Eliminating sugar from the diet protected mice from obesity and metabolic syndrome. A high sugar - high fat diet depleted immune cells in the gut microbiome known as Th17. Researchers stated sugar can increase metabolic disease through suppression of beneficial bacteria in the microbiome.
ABSTRACT
How intestinal microbes regulate metabolic syndrome is incompletely understood. We show that intestinal microbiota protects against development of obesity, metabolic syndrome and pre-diabetic phenotypes by inducing commensal-specific Th17 cells.
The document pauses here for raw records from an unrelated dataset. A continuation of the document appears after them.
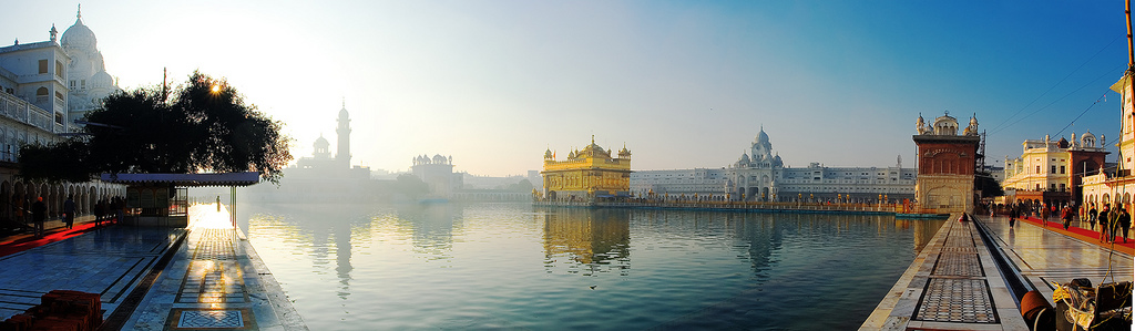 Panorama of the Golden Temple at Amritsar. Also known as Harmandir Sahib or Darbar Sahib.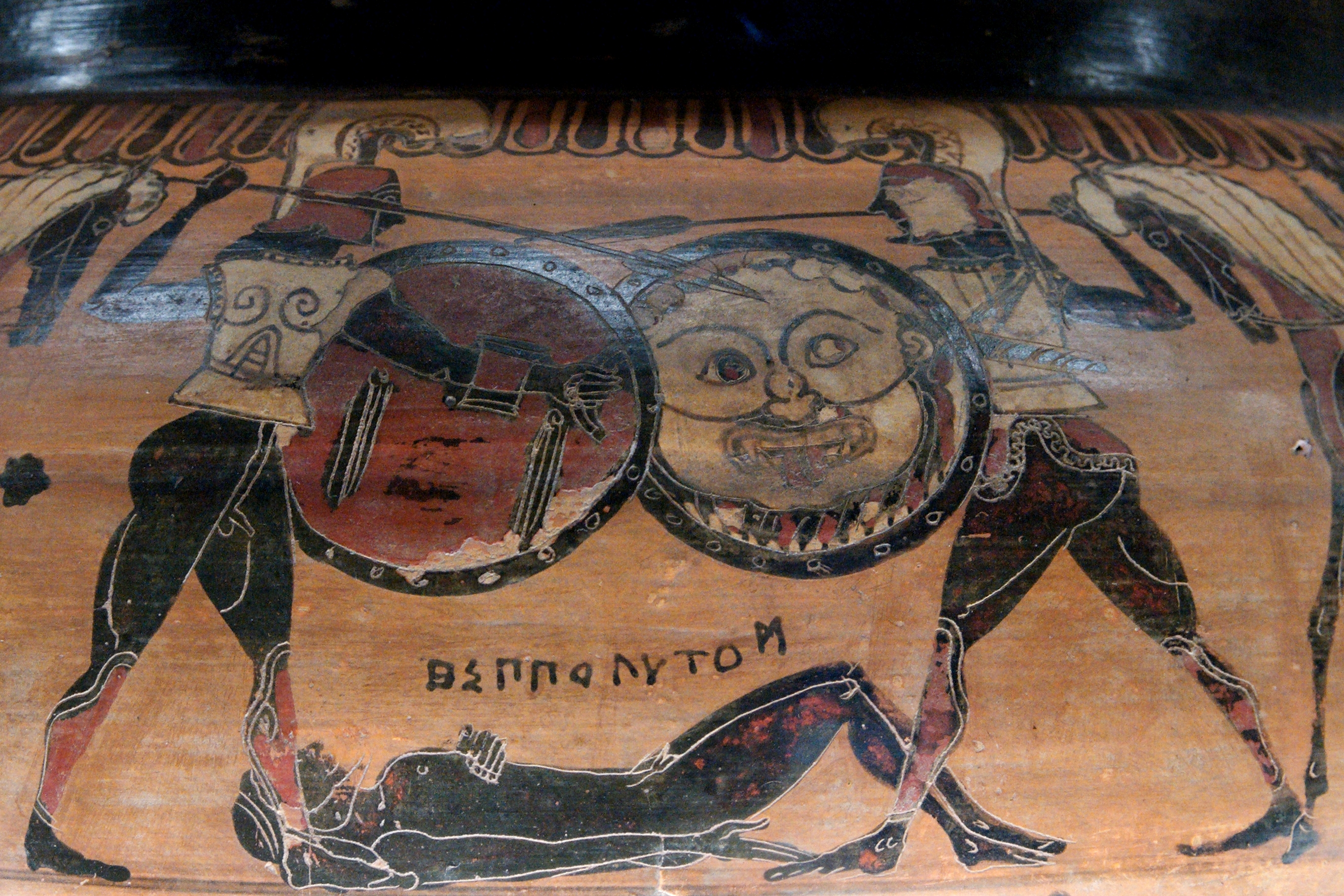 Fight over the body of Hippolyte. Corinthian black-figure column-krater, ca. 575–550 BC.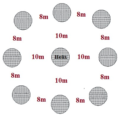 Circular configuration of spiral GHEs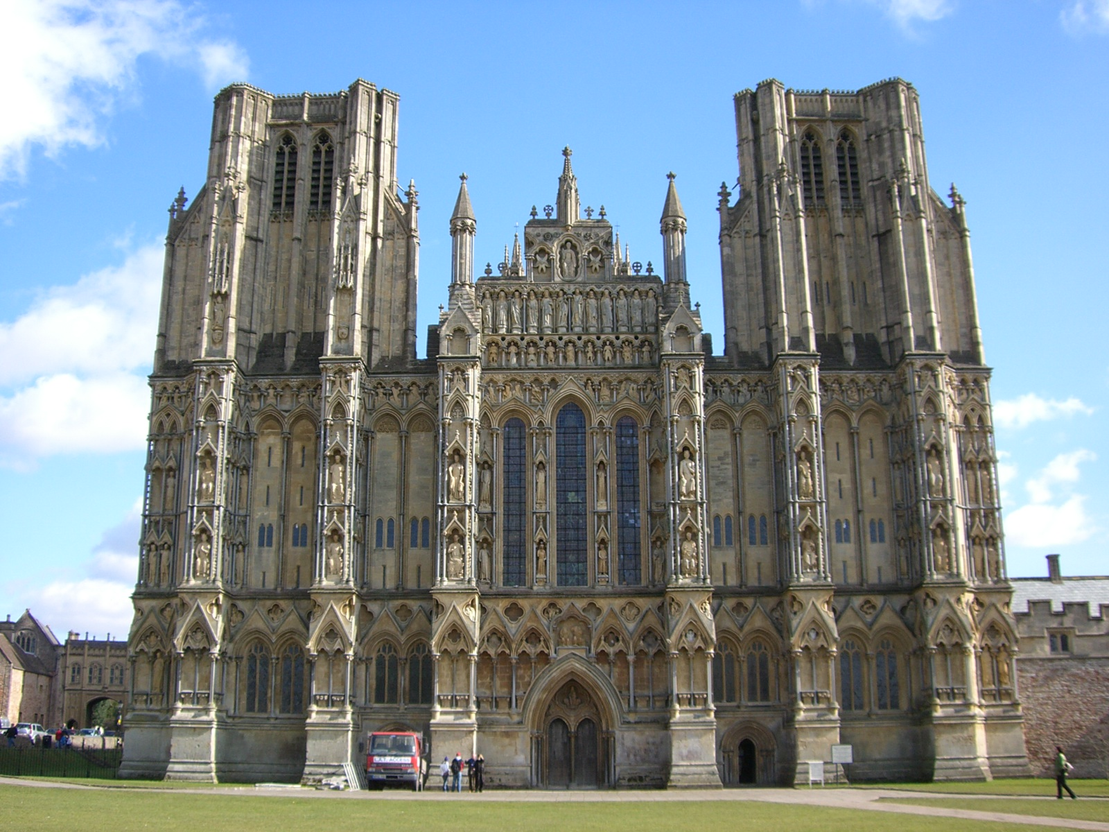 The Wells Cathedral in South England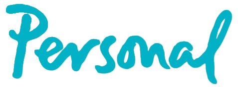 Logo of Personal, the mobile-phone division of Telecom Argentina.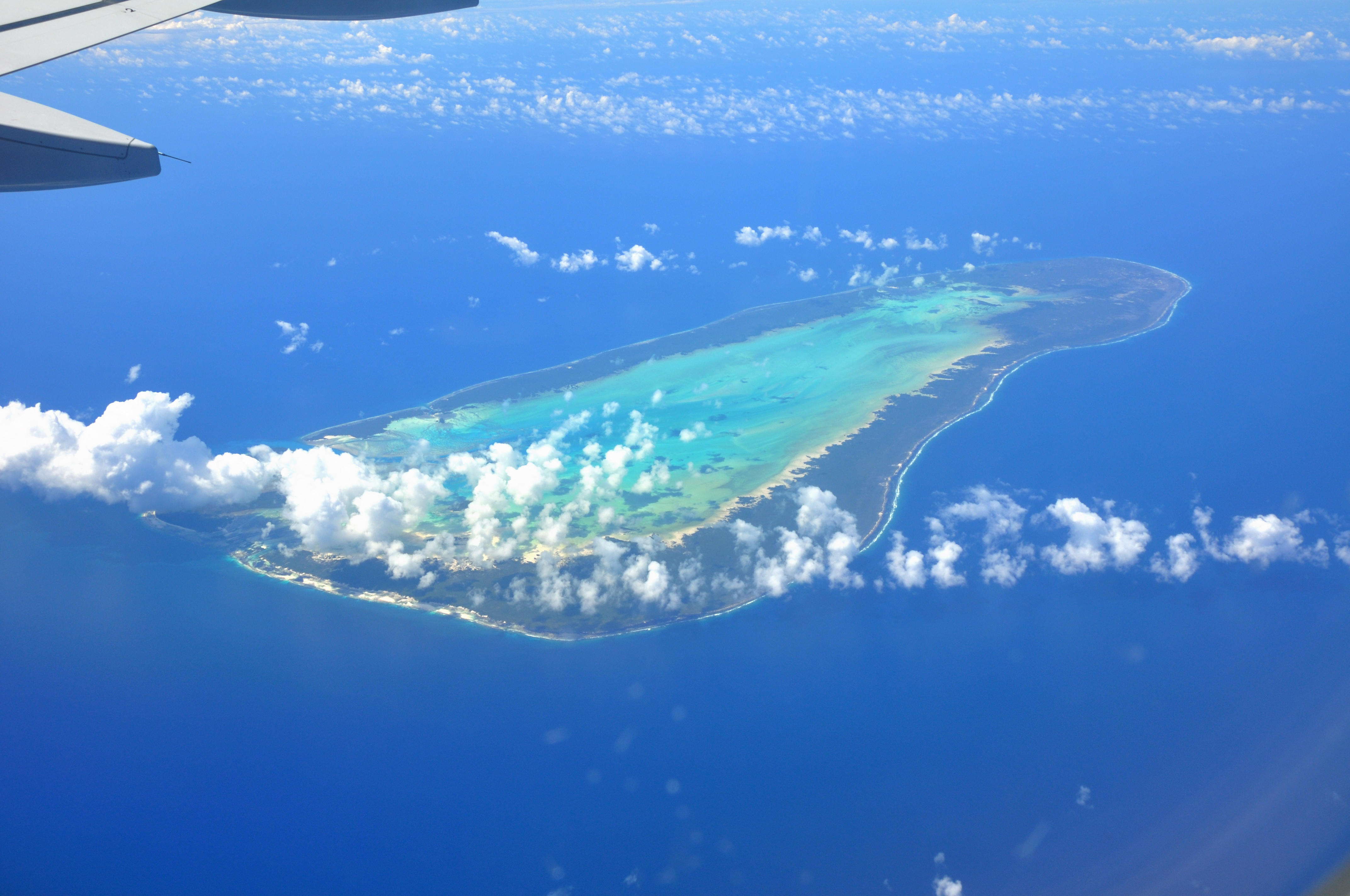 The Aldabra Islands form the largest lagoon in the Indian Ocean. The length is 34 km and the width is 14.5 km. The islands are a UN world heritage and not inhabited.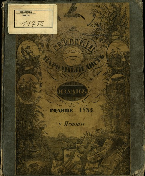 Serbski narodni list

High-fat, high-sugar diet promoted metabolic disease by depleting Th17-inducing microbes, and recovery of commensal Th17 cells restored protection. Microbiota-induced Th17 cells afforded protection by regulating lipid absorption across intestinal epithelium in an IL-17-dependent manner. Diet-induced loss of protective Th17 cells was mediated by the presence of sugar. Eliminating sugar from high-fat diet protected mice from obesity and metabolic syndrome in a manner dependent on commensal-specific Th17 cells. Sugar and ILC3 promoted outgrowth of Faecalibaculum rodentium that displaced Th17-inducing microbiota. These results define dietary and microbiota factors posing risk for metabolic syndrome. They also define a microbiota-dependent mechanism for immuno-pathogenicity of dietary sugar and highlight an elaborate interaction between diet, microbiota, and intestinal immunity in regulation of metabolic disorders.
Sugar in mouse diets promotes metabolic disease by upsetting the gut microbial balance and driving loss of the Th17 cells that regulate lipid absorption by the intestinal epithelium.